Keindahan dan pesona pagi bisa kamu lihat lewat matamu. Sejuknya udara bisa kamu rasakan lewat kulit dan bulu-bulu halus hidungmu. Namun, segenap keindahan yang bisa tercerap oleh pancaindera itu adalah satu hal. Dan hal yang lain – yang cukup berbeda dengan itu – adalah konsep mengenai pagi itu sendiri. Cobalah membayangkan pagi hari. Apa yang terlintas di benakmu? Suara burung, sinar matahari, langit biru lembut, sinar kuning-oranye di ufuk timur? Atau bisa dipanjang-panjangkan menjadi suara deburan ombak, senyuman, nasi goreng, kekasih, ... dan seterusnya dan seterusnya. Asosiasi memang kerap menjadi pintu akan banyak hal. Menyembunyikan yang ditahan-tahan, katanya. Pagi kerap bermain sebagai pemantik.
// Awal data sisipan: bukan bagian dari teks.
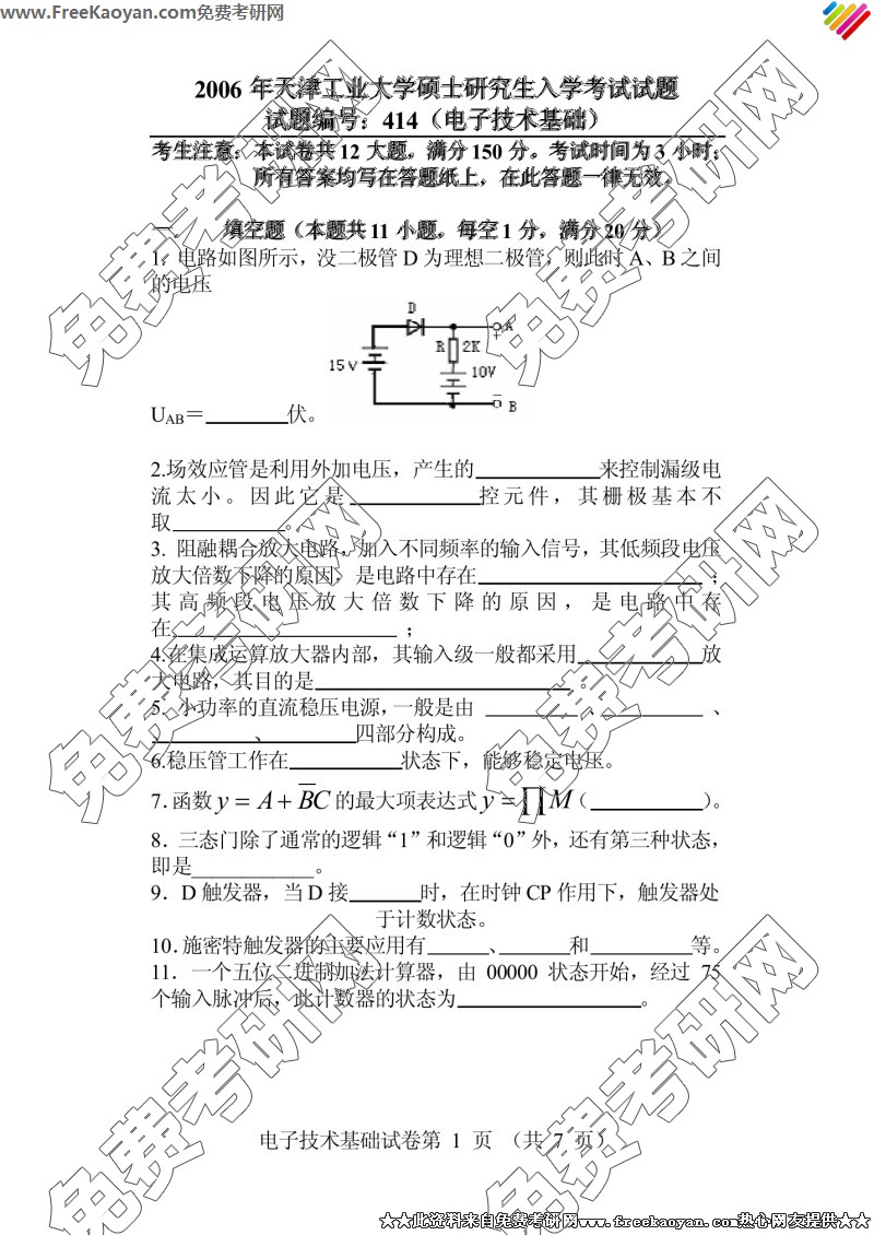 天津工业大学2006年半岛在线注册真题-电子技术基础(414)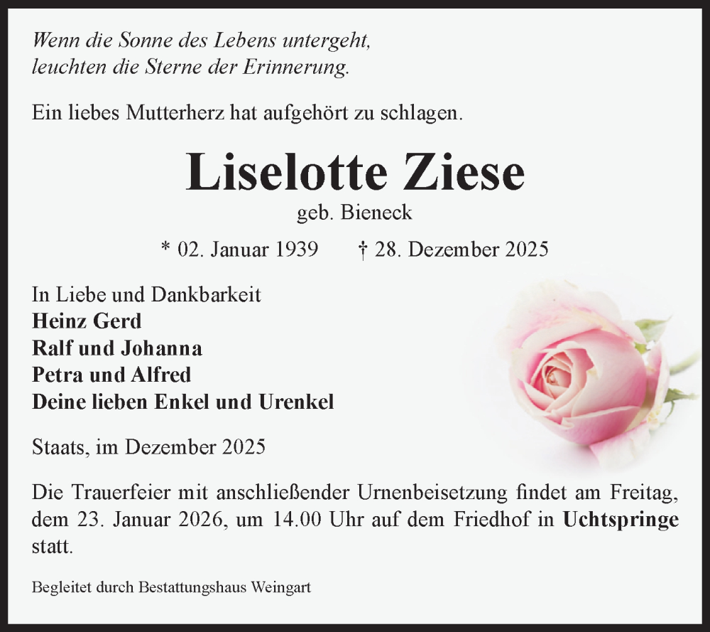 Hier finden Sie alle Traueranzeigen aus der Zeitung, die bisher für Liselotte Ziese erschienen sind. Weitere Traueranzeigen, die in der Zeitung erscheinen, werden hier ebenfalls aufgelistet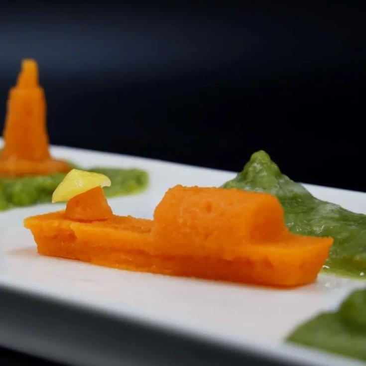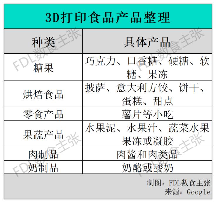 目前,3D食品打印所用到的食材可以從組成成分的角度,大致歸納為五大類:碳水化合物、脂肪、蛋白質(zhì)、膳食纖維以及功能成分,F(xiàn)DL數(shù)食主張選取了以下海內(nèi)外代表性案例展開介紹: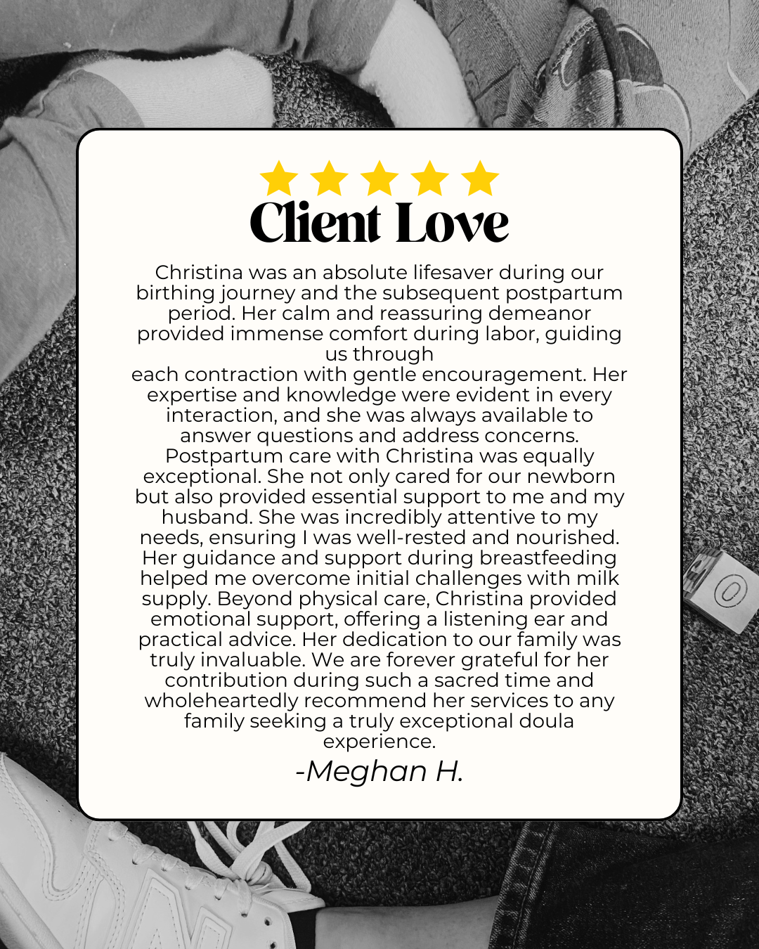Hello! I'm Christina. I am a Certified Birth Doula, Postpartum Doula, and Breastfeeding Specialist dedicated to maternal-baby well-being.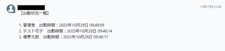 - スケジュールに合わせてスマレジ・タイムカードの出勤情報を自動で取得・通知するため、手作業での確認や報告業務に費やしていた時間を短縮できます。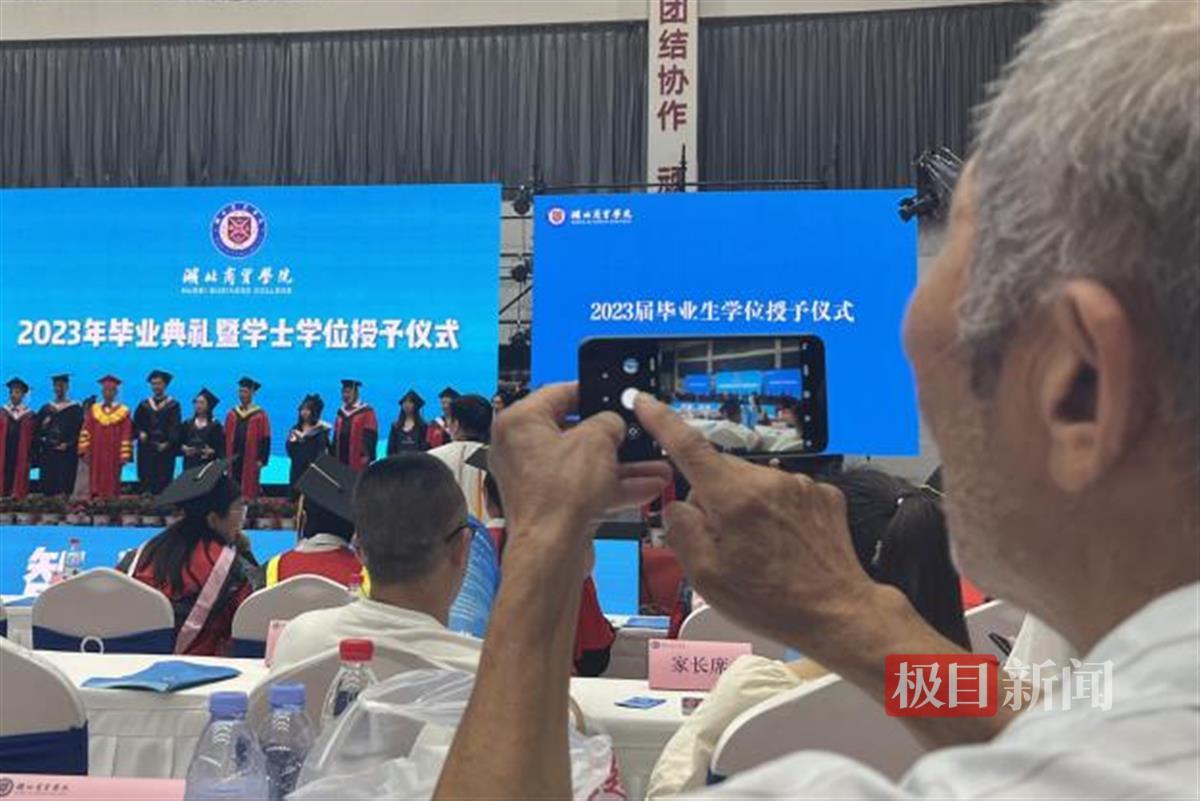 不少家长也出席了毕业典礼,一起陪伴毕业生们走过这一重要人生时刻。会计学院的徐同学邀请了自己的姥姥和姥爷出席典礼,进行“拨穗礼”时两位老人开心地用手机记录下了这一时刻。还有学生家长乘坐了9个多小时的车从山东赶来,看着自己的孩子接过学位证书时她欣慰地表示:“感谢学校四年来对孩子的栽培,也希望他趁着年轻多尝试新事物,能成为对社会有用的人。”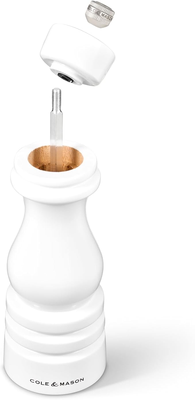 Cole & Mason London Refillable Spice Mill - Kitchen & Home Accessory - Table Salt Grinder - Salt Mill with Ceramic Mechanism - 7", White Gloss

Konsep mengenai pagi yang menyegarkan ternyata banyak membantuku memahamimu. Pertama-tama, seperti yang aku gambleh-kan di atas, aku perlu dengan sadar memisahkan – atau lebih tepatnya “menginsyafi” – dirimu yang aktual: yang bisa aku lihat, aku rasakan permukaan kasar kulitmu, aku dengar siulanmu; dan dirimu secara konseptual: yang tercetak rapi di dalam kepalaku (dan kerap juga di dalam hatiku), tak peduli dengan apa yang pancainderaku rasakan terhadap dirimu.

Kedua hal ini, yang aktual dan yang konseptual, bukanlah dua hal yang berlawanan. Keduanya saling melengkapi, ibarat dua sisi dari mata uang yang sama. Ada saat ketika yang aktual dan yang konseptual melebur menjadi dirimu yang utuh menurut pandanganku. Namun ada pula saat ketika yang konseptual berkebalikan dengan apa yang kurasakan. Namun, itu bukan berarti bahwa dirimu telah mengalami dualisme. Dirimu tetap adalah dirimu. Kamu tidak pernah merasakan bahwa ada konsep mengenai dirimu yang secara “semerta-merta dan sewenang-wenang” aku rasakan terhadap dirimu. Dan barangkali akan juga dirasakan secara berbeda-beda oleh 7 milyar manusia di muka bumi. Setiap orang memiliki caranya sendiri-sendiri untuk memahami konsep mengenai dirimu.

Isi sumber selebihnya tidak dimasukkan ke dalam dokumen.